WHEN Annabel Nnochiri was told she only had two and a half years to live - she wrote a bucket list, as a lot of people do.
But what was sitting at the very top of her list is probably not quite so common.
The 58-year-old, from North London, whose bone cancer progressed to stage four last year, wanted to leave her husband of 28 years.
"I made a bucket list and the first thing was to leave my husband. I had a good life but just felt completely trapped and wanted to break free," Annabel said.

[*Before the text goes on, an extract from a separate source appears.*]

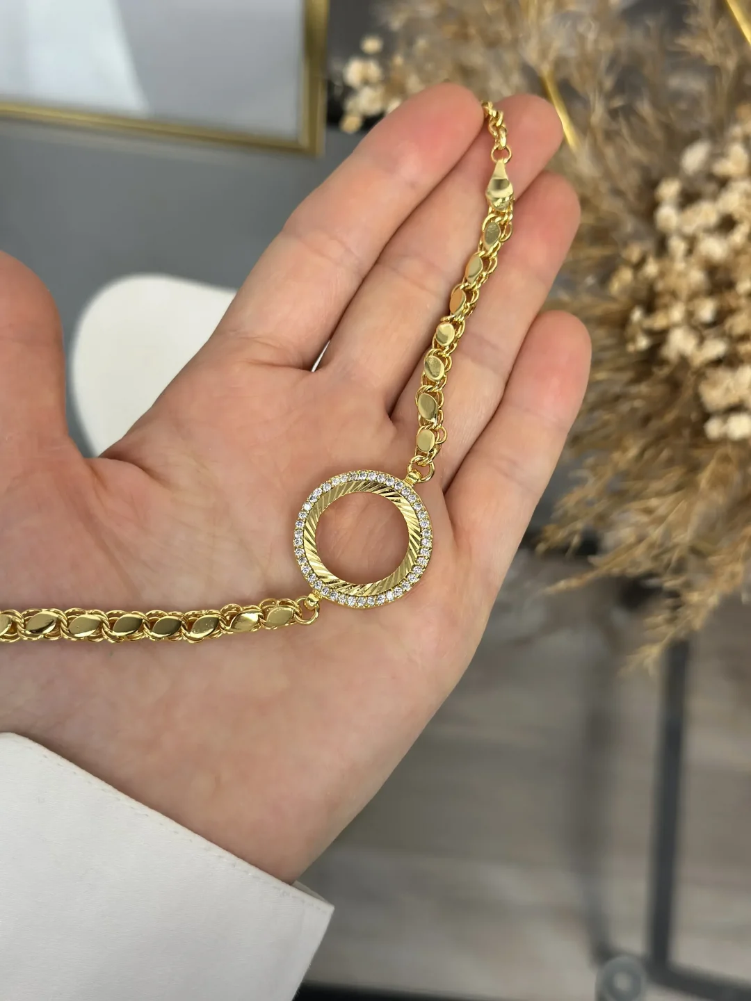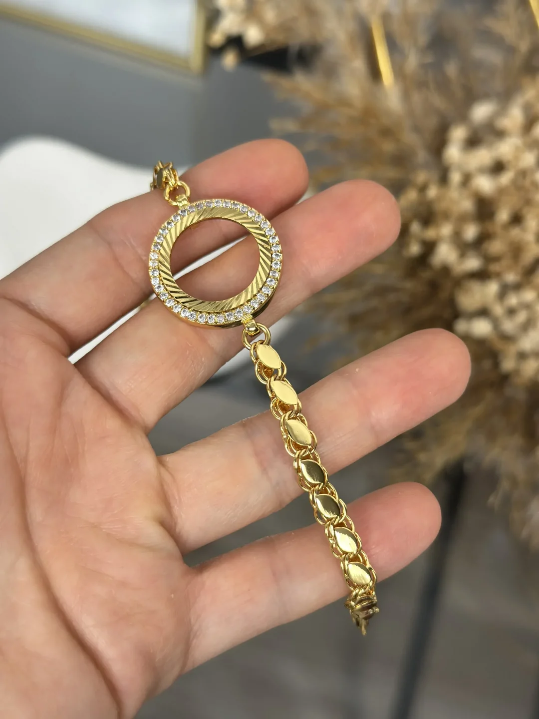 Bu bileklik, birebir kuyumcu modelinde, 1. sınıf işçilikle ve 22 ayar altın kaplama ile üretilmiştir.

"Knowing I had a short time to go I knew I couldn't live the rest of my life just being a housewife.
Although she had every intention of secretly escaping from her married life - she first ran the grand plan by her 19-year-old son and 16-year-old daughter.
"If they had not agreed I wouldn't have done it, but they both said I would be happier if I left," she said.
She nutted out her new life over the next six months and sneakily bought a flat with some inheritance money.
"When I told him he thought it was just a phase and that I would go back to him."
But he couldn't have been more wrong.
Annabel had beaten breast cancer in 2010 but two years later, in January 2012, was left devastated when her parents died in a crash.
In March that year, she developed a pain in her leg and by June it was so intense that she "couldn't bear it".
A biopsy revealed a tumour in her hip.
"The breast cancer had metastasised into my bones. I'd talked with others for a long while about ending my marriage," Annabel said.
"But when I was diagnosed as terminal I thought 'I've got two-and-a-half years left and I don't want to be in this house. I don't want to be cooking dinner every night - I want to be free!'"
Now she and her ex, who met at university, have a good relationship.
"I didn't leave to be with someone else but I have had a very happy love life since then - and he has found someone else and is happy too," she says.
An art teacher, Annabel also got back into her painting, took up salsa dancing and went travelling.
"I used to be anxious, worrying what people thought of me," she explains.
"Now I just don't care because of the cancer. My children are far happier and we are all closer.
"My daughter says I'm her role model, I've learned to be more selfish - but I also help others with cancer.
"When I'm in hospital I always try to reassure people who are nervous. Some are petrified. Someone did that for me and it made such a difference."
Five years after her initial diagnosis - Annabel says it has made her a more confident person.
"If I hadn't had cancer I would have been a dull person. But because of it I've become a much braver, naughty older woman," she said.
"I could live a few more years. I do still want to live - for my children, to see my grandchildren."
Annabel dislikes being referred to as a cancer survivor.
"I'm just getting on with it. Living with it. It's a long journey," she said.
"When I got my terminal diagnosis I was so angry with God that I stopped going to church.
"You just have to get through the anger and grief and accept it. What came eventually was calmness, wisdom and spirituality. If you show kindness it will always come back to you."